• REQUIRED ACTION
Read the lines below, and copy any that contain the string "Tool".

• SOURCE DATA

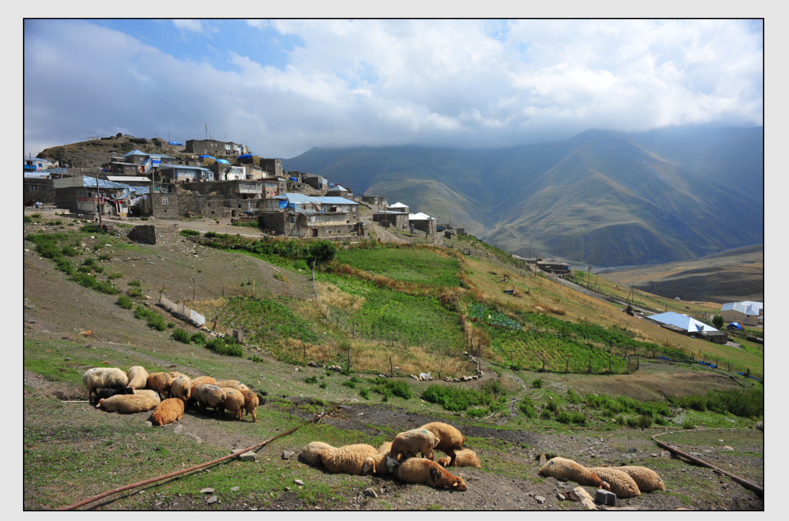
Khinalug village is mostly subsidized by animal herding.
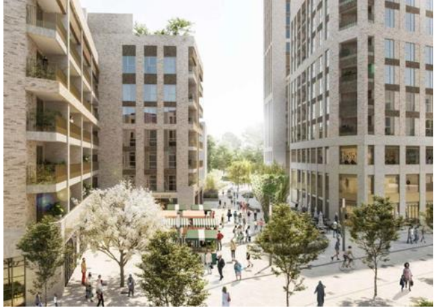
Plans for South Kilburn

Brent . New plans have been submitted for a high density development in South Kilburn, increasing the number of dwellings from 226 to 308 and boosting the level of affordable housing to 40% bd .
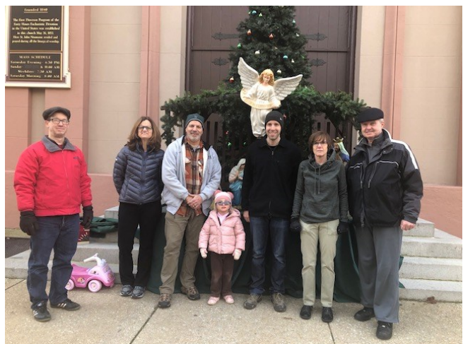
A big THANK YOU to the elves who put up our outside Christmas Tree and Manger.
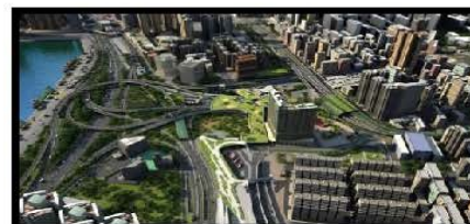
Central Kowloon Route 中九龍幹線
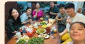
Gathering around the dinner table at a homestay in Vietnam

Friendships are formed between student pairs by experiencing each other's lives in classroom experiences at school, homestays, and the like.
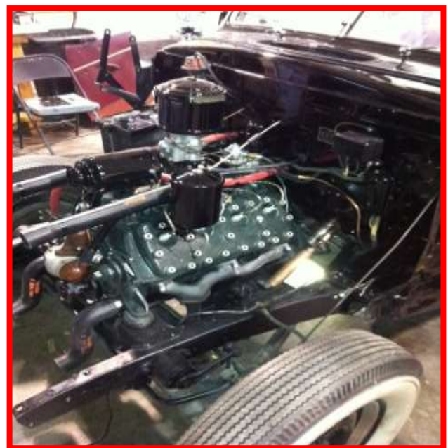
The engine after refinishing & repainting
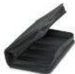
Tool box, empty

Tool bag - TOOL-KIT STANDARD EMPTY - 1212423
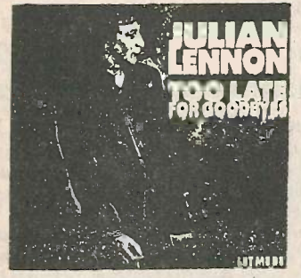
TOO LATE FOR GOODBYES Julian Lennon Atlantic - 7-89589-P
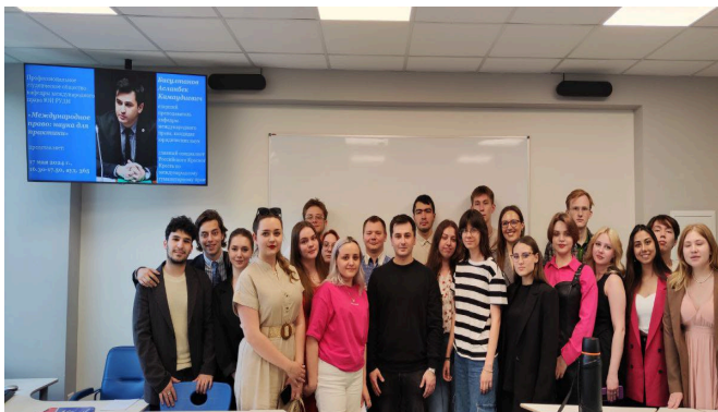
Award ceremony of the winners of student research contest on refugee topics at RUDN University
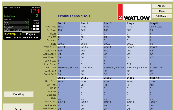
Make screens with most often used parameters. Enable recipe management to reduce operator errors when setting values.
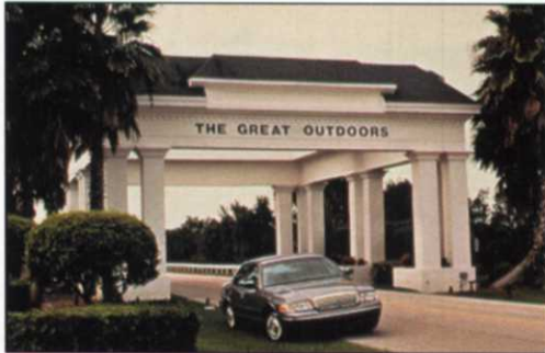
The Great Outdoors Golf Resort, Titusville

New Orthene® 97 is proving to be a popular pest-control choice on golf courses throughout the South. Here's what three Florida golf course superintendents have to say about new dust-free, low-odor ORTHENE 97:
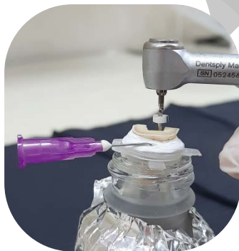
Figure (1): Experimental set-up for collection of apically extruded debris

39 extracted permanent mandibular first molars were collected. Access cavity was prepared and the mesiobuccal canal was instrumented using the ProTaper Next system up to size X2 at a working length 1mm short of the apex. Obturation was completed via the cold lateral compaction technique. Teeth were stored at 37 °C in 100% humidity for two weeks to allow the sealer to set. Then specimens were divided into three equal groups according to the system used for retreatment. Group 1: Reciproc Blue (R 25), Group2: Hyflex EDM (One file), Group 3: ProTaper Universal Retreatment system followed by X2. During retreatment, teeth were attached to an experimental model similar to that described by Myres and Montgomery.(3) Pre-weighed tubes were used to collect apically extruded debris, and a bent needle was inserted alongside the tooth, to equalize the internal and external air pressure. After retreatment, the eppendorf tubes were incubated for two weeks at 37 °C to allow all the liquid to dry out, before a second weighing for the tube after retreatment. The amount of extruded debris was calculated as the pre and post retreatment weights of the tube (W2-W1).
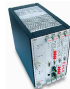
Cardnest CN4 / 2 slots
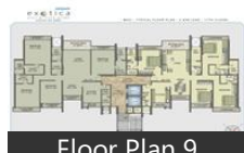
Floor Plan 9
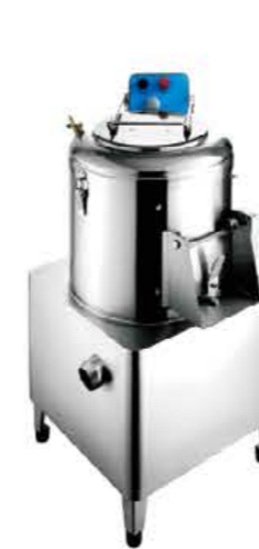
Model: PP8A Potato Peeler

• RESULT OF THIS TASK
Tool box, empty
Tool bag - TOOL-KIT STANDARD EMPTY - 1212423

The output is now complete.